Carbon Logic

I’m calling from Alaska this week and I think I must be one of only ten people up here who is not looking for oil. You may remember a few weeks ago I spoke about Bill Clinton and Al Gore obstructing progress on climate change. The reason I think that has much to do with Alaska and some math called carbon logic.

Contrary to what you read in ads sponsored by Mobil Oil Corporation, global warming is a real phenomenon. It’s measurable. The real questions are two: how far can we let it go before it causes irreparable harm? And what can we do to stop heating the planet? The answers are straightforward, if not pleasant. Let me apologize in advance for all the numbers I’m about to throw at you.

The United Nations Environmental Programme – or UNEP – estimates ecosystems and human systems can tolerate a maximum increase of one degree – Celsius – in Earth’s temperature and a 20-centimeter rise in sea levels. Anything beyond that and – as they say on Oprah – you don’t want to go there. That answers question one, how far can global warming go? But what do the numbers mean? The global mean temperature has risen between .3 and .6 degrees since the beginning of the Industrial Revolution and we are currently warming the earth at about .2 degrees per decade. Since 1860, humans have burned about 240 billion metric tons of carbon. That’s what’s caused the rise in temperature I’ve been talking about. We’ve burned 240 billion metric tons of carbon and we’ve raised the earth’s temperature by half a degree.

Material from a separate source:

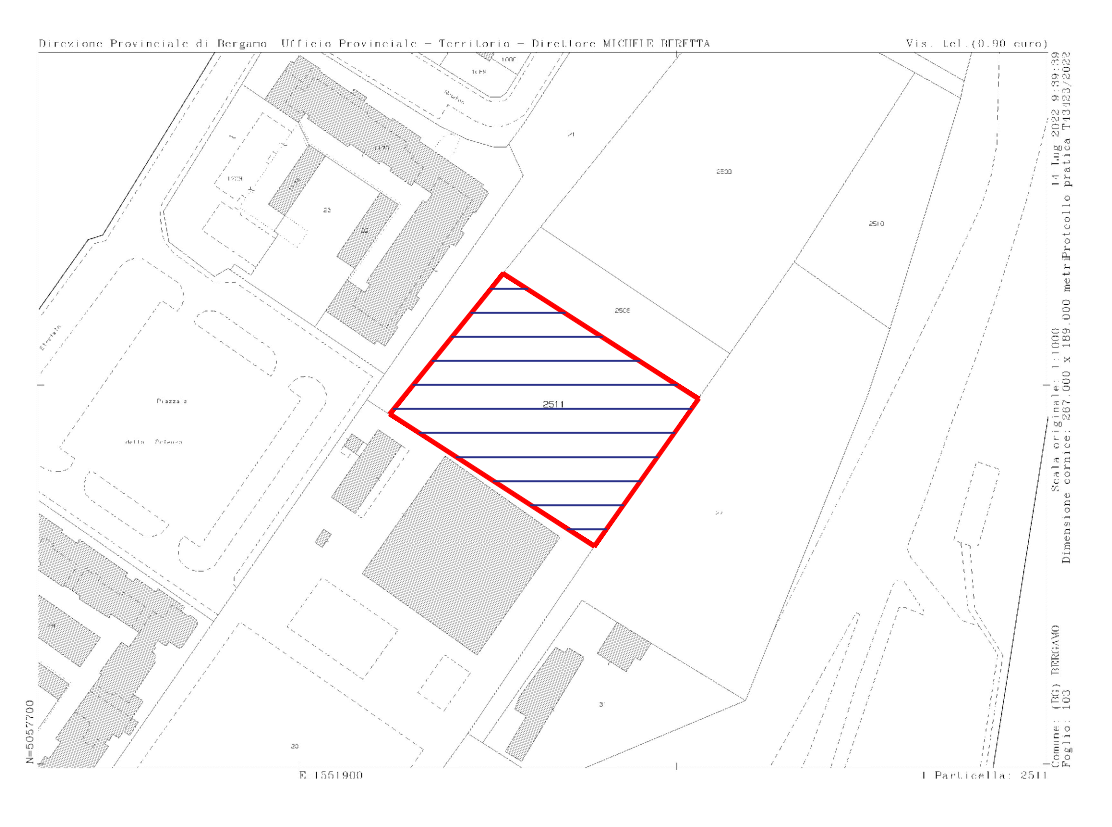
ESTRATTO MAPPA AREA ESTERNA AL P.A. DA CEDERE AL COMUNE

The other factor that comes into play here is deforestation. Plants, especially trees, breathe in carbon dioxide and give off oxygen. As we cut down forests, we speed the rate of global warming. So if you want to know how long we’ve got until global warming gets us into trouble, you have to look at how fast we’re burning carbon and cutting down trees. If we keep on cutting down trees at the rate we’re cutting them today, then another 150 billion metric tons of carbon will put us over the top on global warming. At current rates of consumption, we’ll be there in less than 30 years. If we stop cutting forests and get busy replanting them in those places we have already cut, we can probably go ahead and burn up to 270 billion metric tons of carbon, but at current rates of consumption, we’ll be there in 40 years.

So, if you’ve been following these numbers, it’s plain to see that we have to switch from fossil fuels NOW if we’re going to avoid either environmental catastrophe, economic dislocation, or both. What has all of this got to do with Bill Clinton, Al Gore or Alaska? As I said, everyone and his brother is up here, poking holes in the ground, looking for more oil. The federal government is selling leases in the Arctic Ocean, to look for more oil. As I said earlier, even under the best of circumstances, we can only burn another 270 billion metric tons of carbon. The oil, coal and gas – that is to say, carbon – already on hand amounts to one trillion metric tons, or four times as much as we need to fry ourselves off the planet. Meanwhile, Clinton, Gore and company are subsidizing the oil companies to come up to Alaska and look for more.